And it will still be a heart that loves.
But I didn’t want to be the one to chip it. Like mine was. Chipped and taped and glued and band-aided and held together with toothpicks. That’s what happened when I became your mom. You were my mirror – reflecting all of my good, the laughter and openness and bravery, and all of my bad too; the fear and the rage and horrible emptiness of rejection and abandonment. There was so much bad. I had to teach myself to be a better person than I had seen. I had to learn that I could right all the horrible left hand turns, dead ends, and railroad tracks that had been done to me. I could make our lives straight.
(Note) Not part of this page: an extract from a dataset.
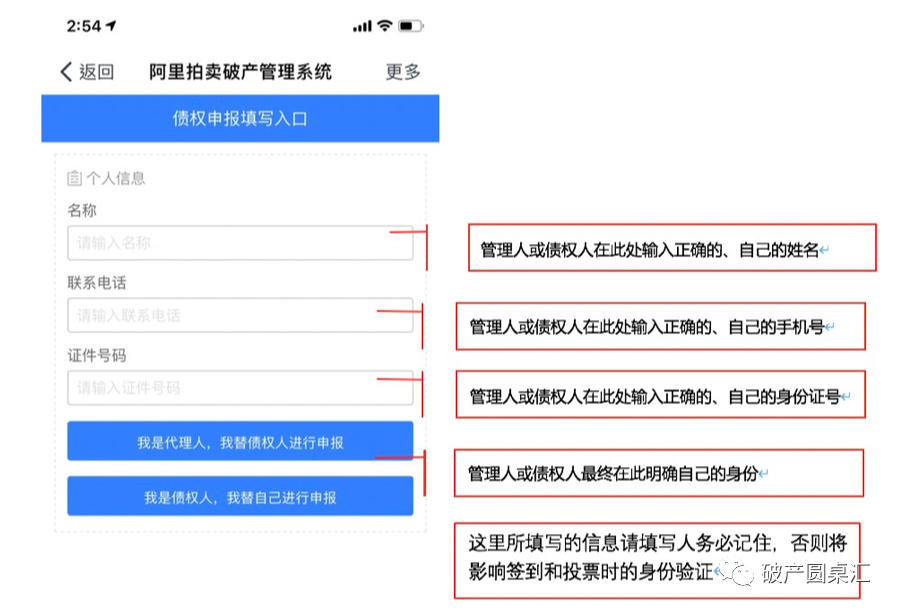 • 無(wú)論代理多少個(gè)債權(quán)人并填寫多少次被代理債權(quán)人的信息,代理人在此處所填寫、輸入的都應(yīng)該是自己的身份信息,系統(tǒng)在收到這些信息后會(huì)自動(dòng)將債權(quán)人信息與代理人“掛鉤”,方便代理人在債權(quán)會(huì)議中進(jìn)行線上投票;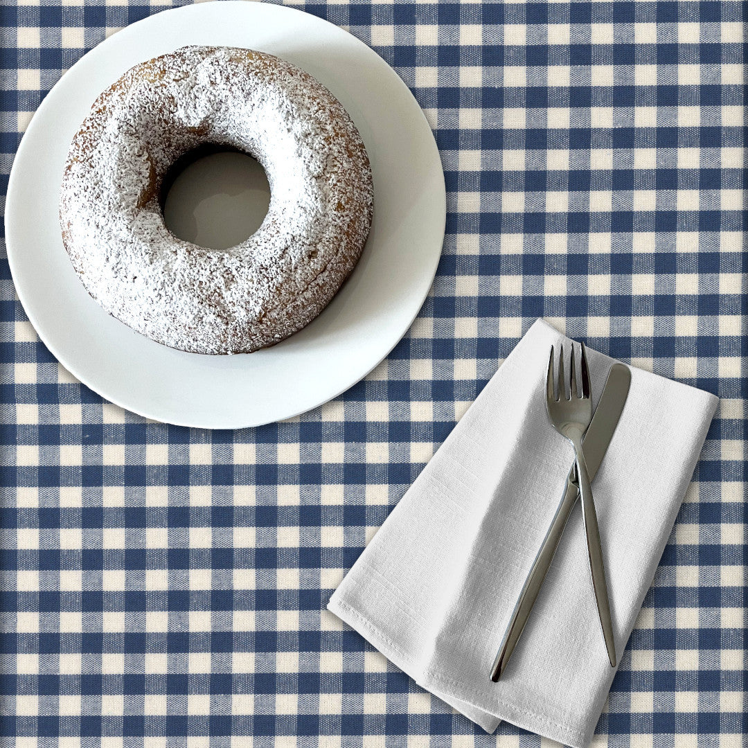 Et klassisk rutemønster i dyp blå og natur gir denne akrylduken et tidløst og koselig uttrykk. Det enkle designet passer perfekt til både landlig sjarm og moderne minimalisme, noe som gjør den velegnet til alle typer borddekking.

take what you need & we disappear
A terrible mom moment haunts me always. Sometimes I just couldn’t get away from them; from her. I was my mom and her dad and my dad and her family, all rolled into one yelling, screaming, pulsating, frantic 19 year old. It was my rock-bottom mom loser mom crazy mom desperate mom moment. The words of my own mother shrieked inside me, “I hate you”, “I wish you were dead”, “I don’t want a daughter like you”. I could feel all of these rages trying to claw out of me; pushing on my fingers and straining against the confines of my own skin, gripping my toes, making my breath fast and my head thud and my eyes big. But nothing came out of my fingers or my hands.
It all came out of my mouth. Word vomit and soul sickness. It poured out of me and on to the floor, chasing you down the hallway.
You ran towards your room and I followed you, stomping my feet so you could hear me behind you, slamming my hands against the wall and bellowing from the bottomless pit of my fury. I didn’t say my own bad mom words; instead I let out a howl that sounded like the damned wishing for an escape. Thinking of it now I feel SHAME tattooed on my face, big and bold and red. My scarlet letter. You turned and looked at me, tears running down your small pale face, your big blue ocean eyes full of fear, and you sat, hunched down in the hallway, and said quietly, “ mommy, mommy, I’m sorry…” I stopped dead where I was.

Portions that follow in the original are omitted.